● WORK ORDER
The required output is the exact run of lines in the listing below from the line holding "Thick Tuscan roasted" through the line holding "Big Bore Kit, Big-bore", with no pictures.
Top of RAW DATA
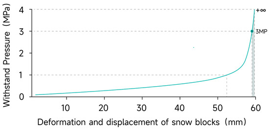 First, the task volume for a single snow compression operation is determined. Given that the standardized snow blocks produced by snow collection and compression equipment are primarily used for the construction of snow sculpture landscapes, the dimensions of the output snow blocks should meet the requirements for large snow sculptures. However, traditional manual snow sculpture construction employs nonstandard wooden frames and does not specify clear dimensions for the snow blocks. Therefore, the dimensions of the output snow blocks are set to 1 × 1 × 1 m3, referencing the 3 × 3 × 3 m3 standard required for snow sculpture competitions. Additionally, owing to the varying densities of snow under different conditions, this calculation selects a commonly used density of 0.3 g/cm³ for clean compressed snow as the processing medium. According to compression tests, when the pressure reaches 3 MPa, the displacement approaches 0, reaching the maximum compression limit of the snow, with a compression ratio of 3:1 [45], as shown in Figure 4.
Bottom of RAW DATA
Top of RAW DATA
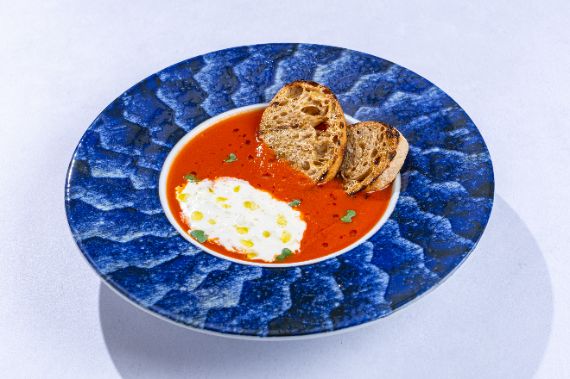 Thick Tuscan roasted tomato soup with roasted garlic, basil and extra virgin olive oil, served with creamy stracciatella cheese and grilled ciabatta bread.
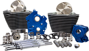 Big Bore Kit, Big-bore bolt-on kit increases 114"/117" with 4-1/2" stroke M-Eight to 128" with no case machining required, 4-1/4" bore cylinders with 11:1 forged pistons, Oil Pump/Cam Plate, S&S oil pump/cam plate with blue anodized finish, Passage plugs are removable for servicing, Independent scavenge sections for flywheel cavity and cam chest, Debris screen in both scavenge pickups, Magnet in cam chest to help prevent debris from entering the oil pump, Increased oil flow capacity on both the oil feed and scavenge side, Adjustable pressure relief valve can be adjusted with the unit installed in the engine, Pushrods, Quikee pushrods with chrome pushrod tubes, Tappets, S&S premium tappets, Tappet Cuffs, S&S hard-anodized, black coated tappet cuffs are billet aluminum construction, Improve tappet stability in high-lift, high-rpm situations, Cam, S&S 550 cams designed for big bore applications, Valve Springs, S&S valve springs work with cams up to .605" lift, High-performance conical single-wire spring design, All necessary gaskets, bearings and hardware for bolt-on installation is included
Bottom of RAW DATA
● EXERCISE RESULT
 Thick Tuscan roasted tomato soup with roasted garlic, basil and extra virgin olive oil, served with creamy stracciatella cheese and grilled ciabatta bread.
 Big Bore Kit, Big-bore bolt-on kit increases 114"/117" with 4-1/2" stroke M-Eight to 128" with no case machining required, 4-1/4" bore cylinders with 11:1 forged pistons, Oil Pump/Cam Plate, S&S oil pump/cam plate with blue anodized finish, Passage plugs are removable for servicing, Independent scavenge sections for flywheel cavity and cam chest, Debris screen in both scavenge pickups, Magnet in cam chest to help prevent debris from entering the oil pump, Increased oil flow capacity on both the oil feed and scavenge side, Adjustable pressure relief valve can be adjusted with the unit installed in the engine, Pushrods, Quikee pushrods with chrome pushrod tubes, Tappets, S&S premium tappets, Tappet Cuffs, S&S hard-anodized, black coated tappet cuffs are billet aluminum construction, Improve tappet stability in high-lift, high-rpm situations, Cam, S&S 550 cams designed for big bore applications, Valve Springs, S&S valve springs work with cams up to .605" lift, High-performance conical single-wire spring design, All necessary gaskets, bearings and hardware for bolt-on installation is included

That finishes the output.